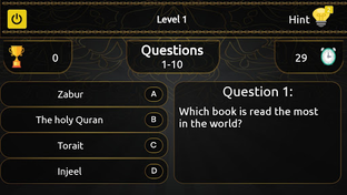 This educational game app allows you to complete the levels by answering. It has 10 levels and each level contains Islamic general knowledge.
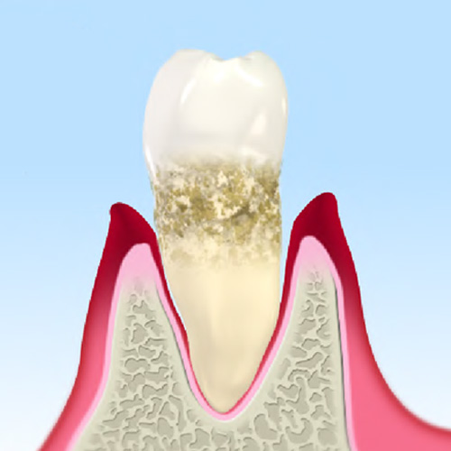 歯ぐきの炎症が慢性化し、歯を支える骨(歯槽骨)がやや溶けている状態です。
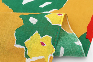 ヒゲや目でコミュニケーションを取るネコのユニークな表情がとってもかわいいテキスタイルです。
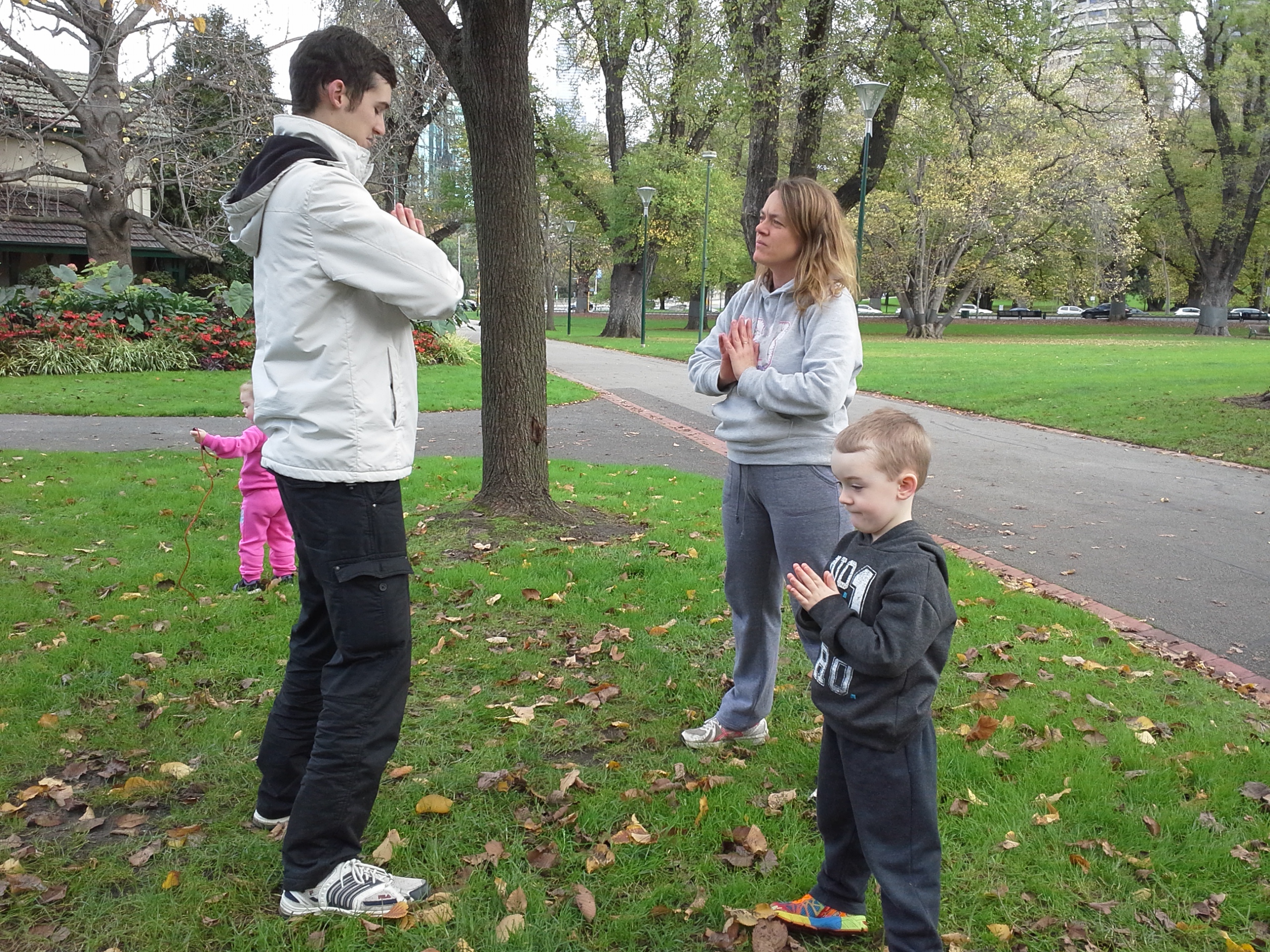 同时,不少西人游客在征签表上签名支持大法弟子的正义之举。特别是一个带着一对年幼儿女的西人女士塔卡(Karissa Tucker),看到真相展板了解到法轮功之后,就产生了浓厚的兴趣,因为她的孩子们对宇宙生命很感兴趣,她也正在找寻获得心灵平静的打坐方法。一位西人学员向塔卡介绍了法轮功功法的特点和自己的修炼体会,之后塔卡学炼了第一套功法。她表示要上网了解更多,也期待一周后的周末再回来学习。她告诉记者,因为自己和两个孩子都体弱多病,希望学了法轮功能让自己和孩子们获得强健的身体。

> **Instructions to follow**
Repeat the listing above from its first line through the line that contains "ヒゲや目でコミュニケーション", both included, and nothing more. Drop the pictures.

> **Task solution**
 This educational game app allows you to complete the levels by answering. It has 10 levels and each level contains Islamic general knowledge.
 歯ぐきの炎症が慢性化し、歯を支える骨(歯槽骨)がやや溶けている状態です。
 ヒゲや目でコミュニケーションを取るネコのユニークな表情がとってもかわいいテキスタイルです。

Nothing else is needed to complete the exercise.